*Instructions for the task*: Would you reproduce the data below exactly, please, leaving out its images?

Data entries
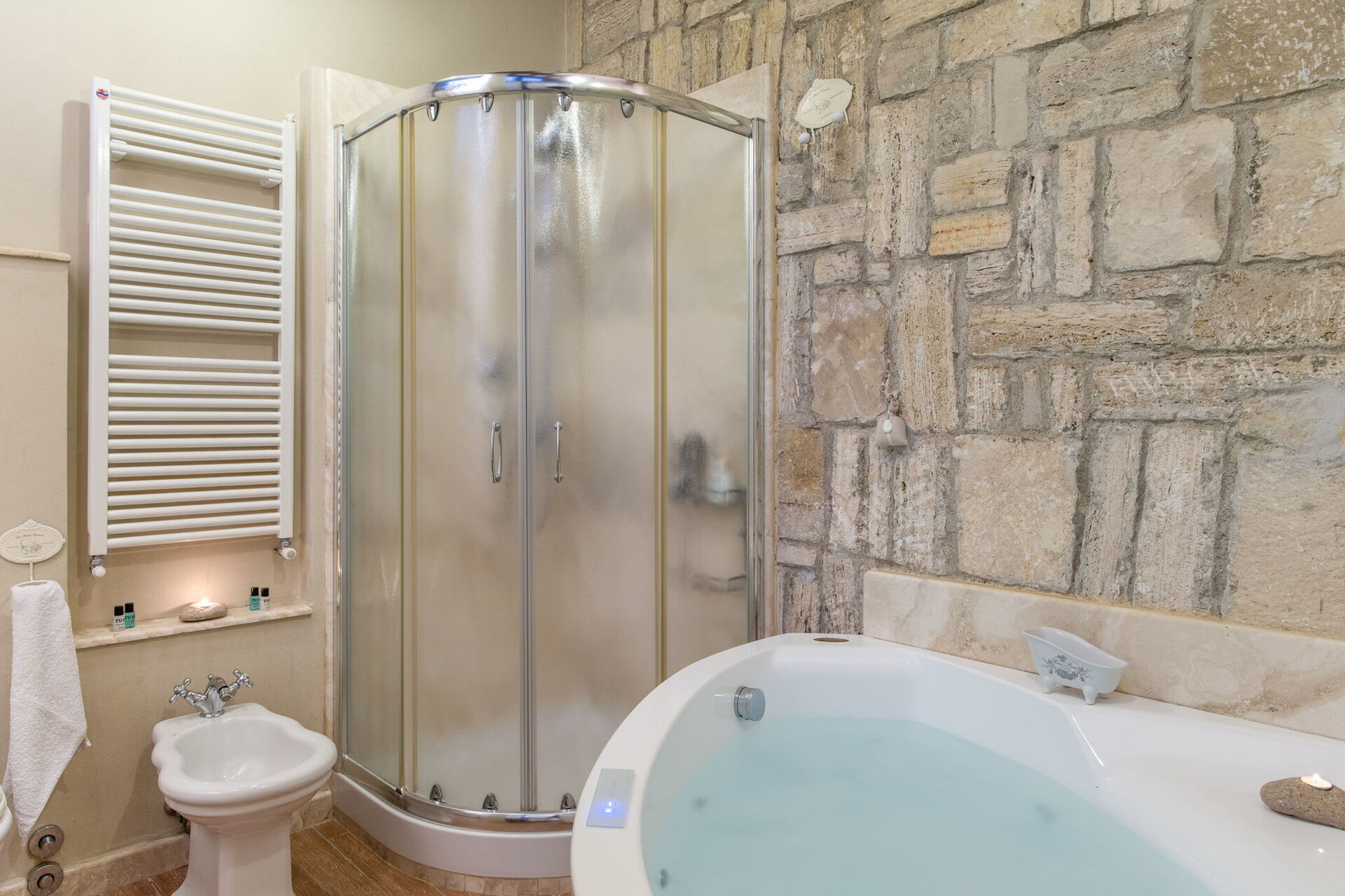 Bedroom + Ensuite Bathroom: double bed (length: 200m, width: 160m), WIFI internet, air conditioning, armchair, fireplace, whirlpool bathtub, double basin, bidet, shower, hairdryer.
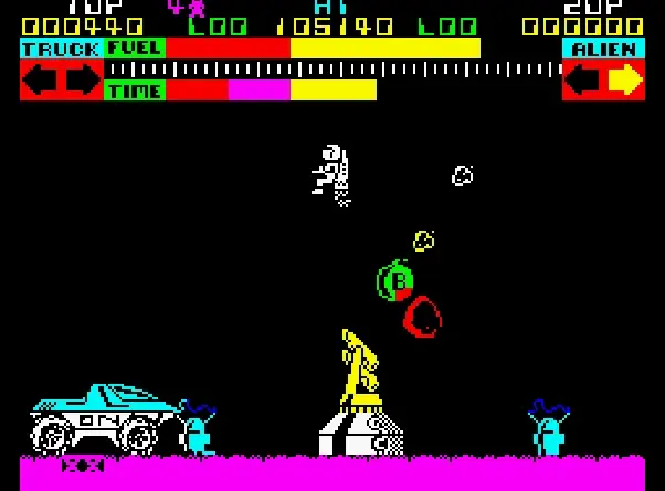 Lunar Jetman is a shooter video game developed and published by Ultimate Play The Game. It was released for the ZX Spectrum in 1983 and the BBC Micro in 1984.[1] The game is the second instalment of the Jetman series and one of the few games released to support the Currah Microspeech peripheral. In the game, Jetman has to destroy alien bases whilst simultaneously defending himself, along with Earth, from a hostile alien race.
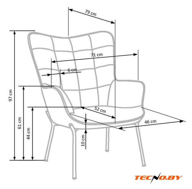 С шириной в 71 см и глубиной 79 см кресло станет идеальным акцентом как для гостиной, так и для кабинета. Высота кресла составляет 97 см, обеспечивая комфортную посадку, а высота сиденья в 44 см делает его доступным и удобным для всех возрастных групп. Глубина сиденья в 52 см способствует полному расслаблению и поддержанию правильной осанки.
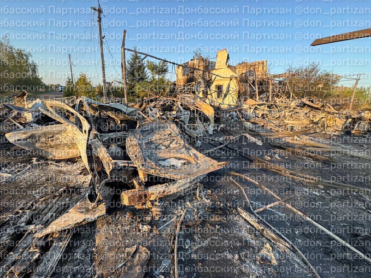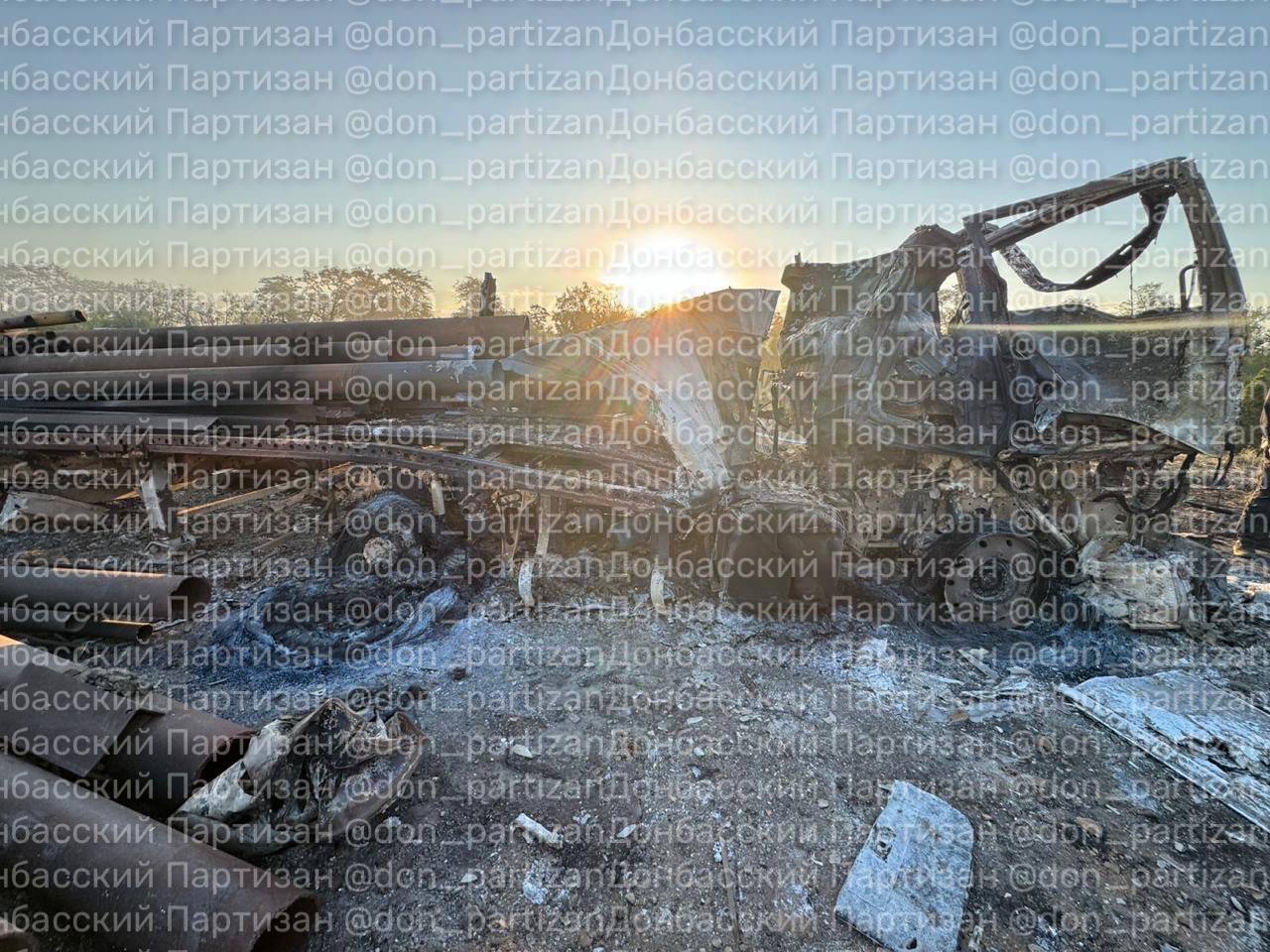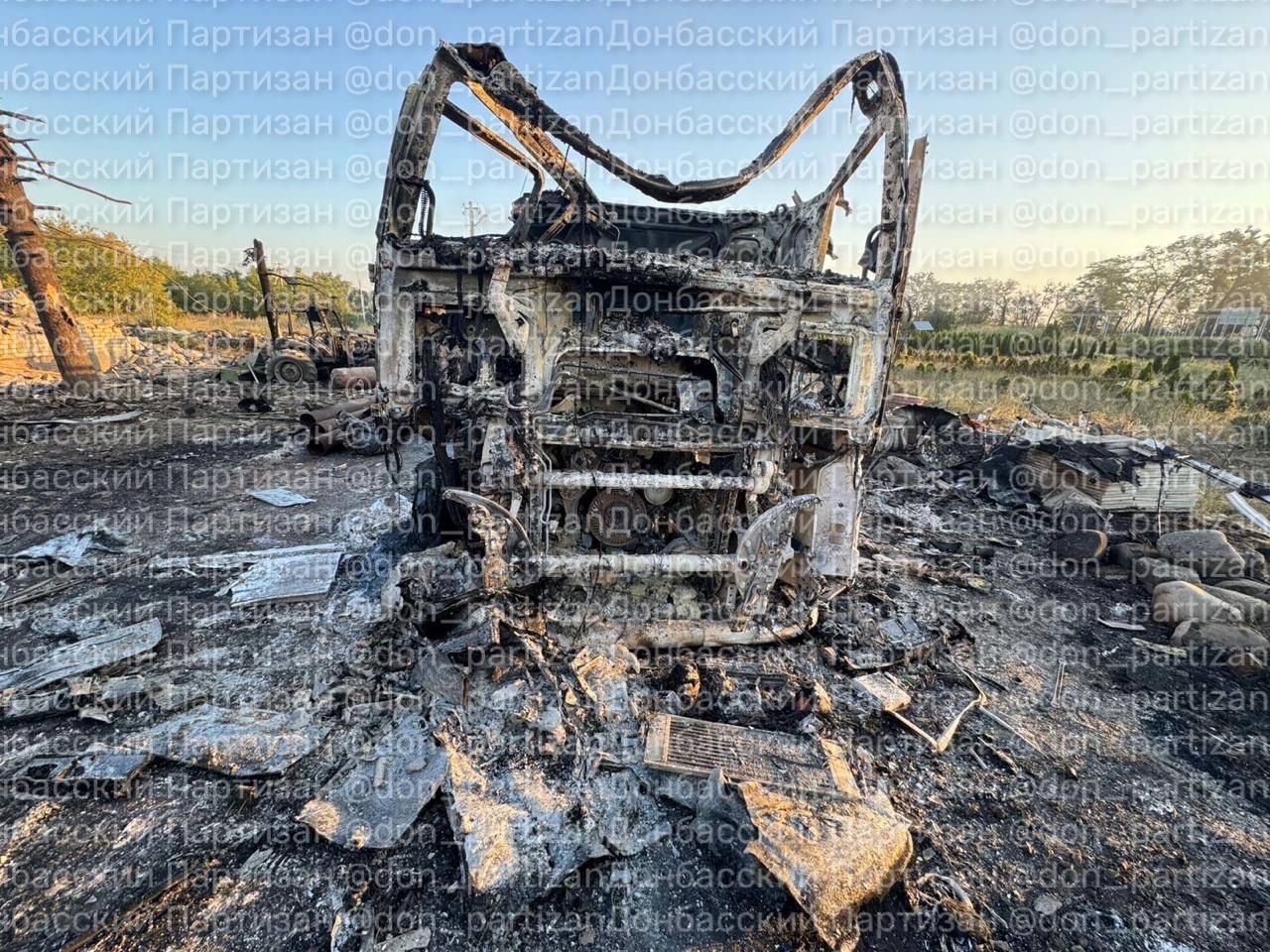 Полученные фотоснимки с места попадания однозначно подтверждают уничтожение временной базы размещения техники и личного состава. На кадрах зафиксированы полностью сгоревшие шасси колёсной техники, разрушенные ангары и обломки крупногабаритных грузовиков, характерных для армейского автопарка. Также видны следы вторичных детонаций, вызванных вероятным наличием боекомплекта, пишет Телеграм-канал «Донбасский партизан».
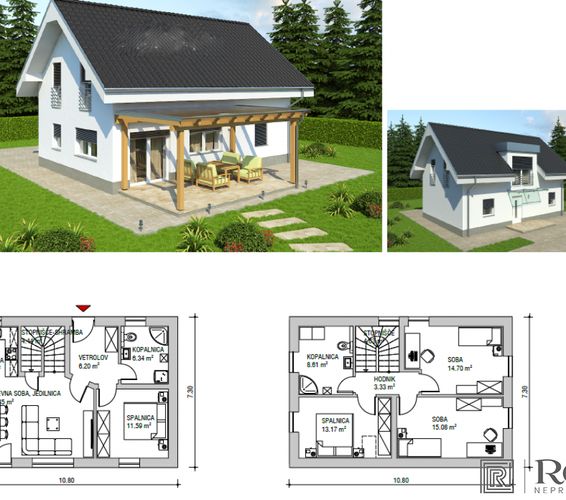 Описание: В доме функциональное распределение помещений, 2 террасы, во дворе есть парковочные места для двух автомобилей (макс. вместимость – 4). Вся инфраструктура в радиусе 2 км, ж/д остановка – 6 мин пешком.
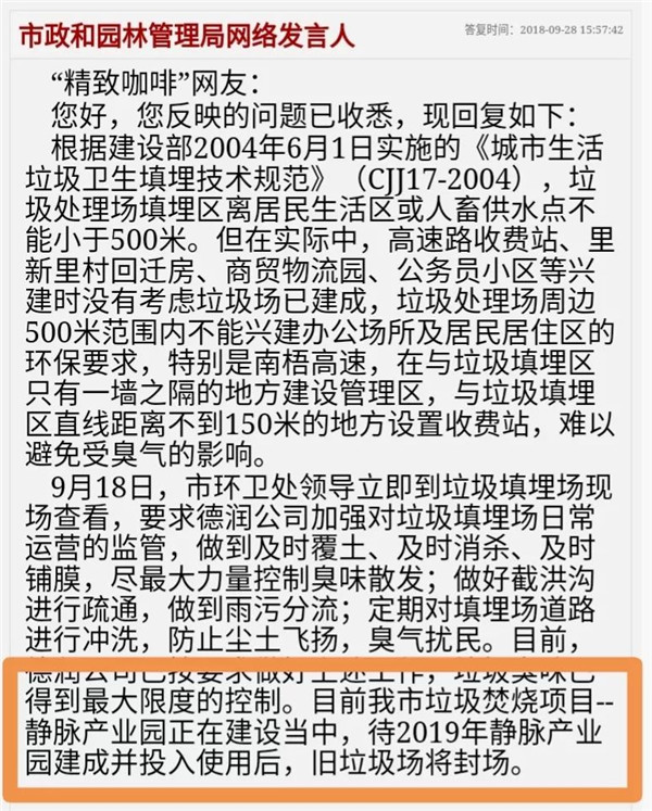 針對(duì)相關(guān)問題,市市政和園林管理局網(wǎng)絡(luò)發(fā)言人作出了回應(yīng),表示會(huì)進(jìn)一步督促垃圾填埋場(chǎng)的管理方加強(qiáng)對(duì)日常運(yùn)營的監(jiān)管工作。回復(fù)中還提及重要一點(diǎn)——
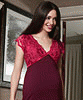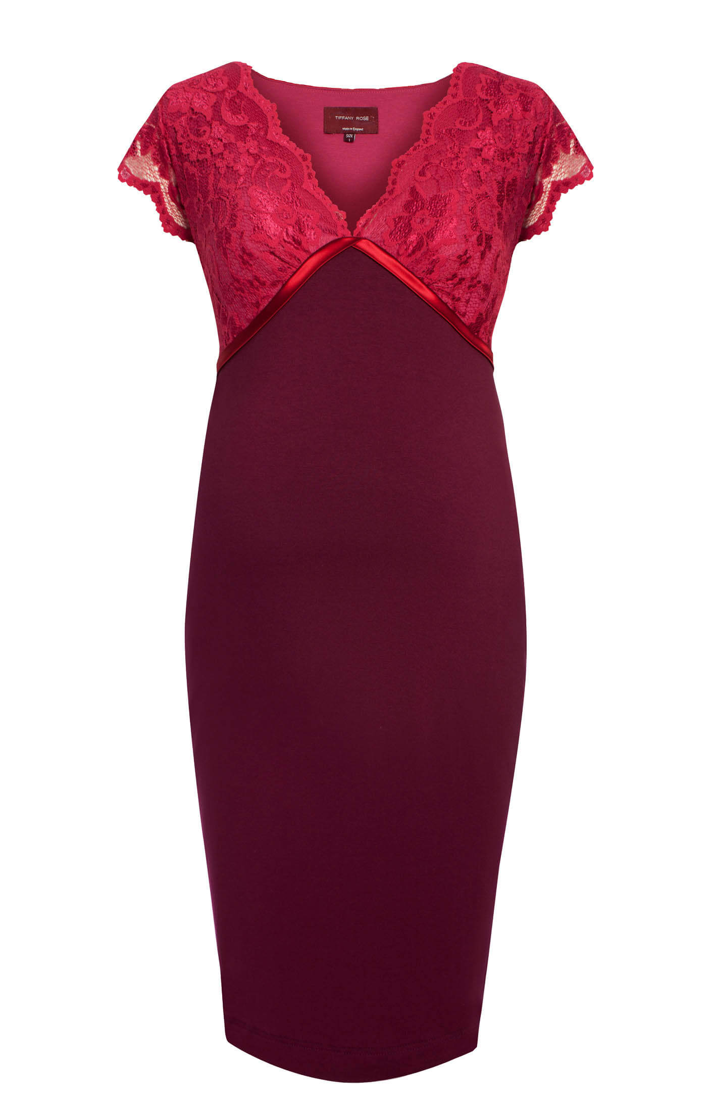Beautiful stretch floral lace overlays a soft jersey bodice in a bright and dramatic shade of rose. Dainty sleeves are left unlined to take centre stage.
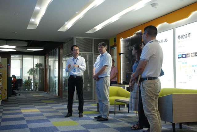 2018年8月28日星期二下午,浙江省杭州市江干区委常委、宣传部长许德清、文创办副主任赵海军、以及闸弄口街道办事处主任沈文燕一行人来我司考察思亿欧及外贸快车项目。
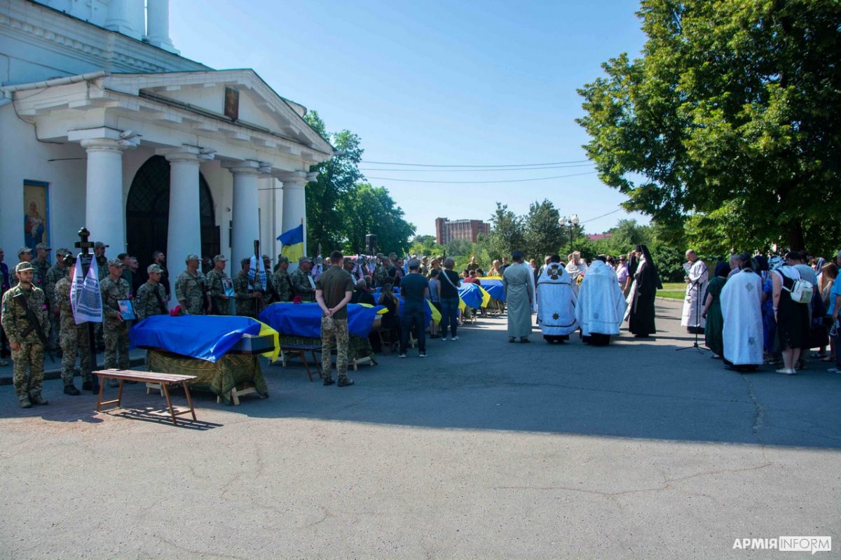 Сьогодні полтавці та військові зібралися біля Свято-Успенського собору, аби попрощатися з сімома українськими захисниками, які загинули під час важких боїв із російськими окупантами.

*Final answer*:
 Bedroom + Ensuite Bathroom: double bed (length: 200m, width: 160m), WIFI internet, air conditioning, armchair, fireplace, whirlpool bathtub, double basin, bidet, shower, hairdryer.
 Lunar Jetman is a shooter video game developed and published by Ultimate Play The Game. It was released for the ZX Spectrum in 1983 and the BBC Micro in 1984.[1] The game is the second instalment of the Jetman series and one of the few games released to support the Currah Microspeech peripheral. In the game, Jetman has to destroy alien bases whilst simultaneously defending himself, along with Earth, from a hostile alien race.
 С шириной в 71 см и глубиной 79 см кресло станет идеальным акцентом как для гостиной, так и для кабинета. Высота кресла составляет 97 см, обеспечивая комфортную посадку, а высота сиденья в 44 см делает его доступным и удобным для всех возрастных групп. Глубина сиденья в 52 см способствует полному расслаблению и поддержанию правильной осанки.
 Полученные фотоснимки с места попадания однозначно подтверждают уничтожение временной базы размещения техники и личного состава. На кадрах зафиксированы полностью сгоревшие шасси колёсной техники, разрушенные ангары и обломки крупногабаритных грузовиков, характерных для армейского автопарка. Также видны следы вторичных детонаций, вызванных вероятным наличием боекомплекта, пишет Телеграм-канал «Донбасский партизан».
 Описание: В доме функциональное распределение помещений, 2 террасы, во дворе есть парковочные места для двух автомобилей (макс. вместимость – 4). Вся инфраструктура в радиусе 2 км, ж/д остановка – 6 мин пешком.
 針對(duì)相關(guān)問題,市市政和園林管理局網(wǎng)絡(luò)發(fā)言人作出了回應(yīng),表示會(huì)進(jìn)一步督促垃圾填埋場(chǎng)的管理方加強(qiáng)對(duì)日常運(yùn)營的監(jiān)管工作。回復(fù)中還提及重要一點(diǎn)——
Beautiful stretch floral lace overlays a soft jersey bodice in a bright and dramatic shade of rose. Dainty sleeves are left unlined to take centre stage.
 2018年8月28日星期二下午,浙江省杭州市江干区委常委、宣传部长许德清、文创办副主任赵海军、以及闸弄口街道办事处主任沈文燕一行人来我司考察思亿欧及外贸快车项目。
 Сьогодні полтавці та військові зібралися біля Свято-Успенського собору, аби попрощатися з сімома українськими захисниками, які загинули під час важких боїв із російськими окупантами.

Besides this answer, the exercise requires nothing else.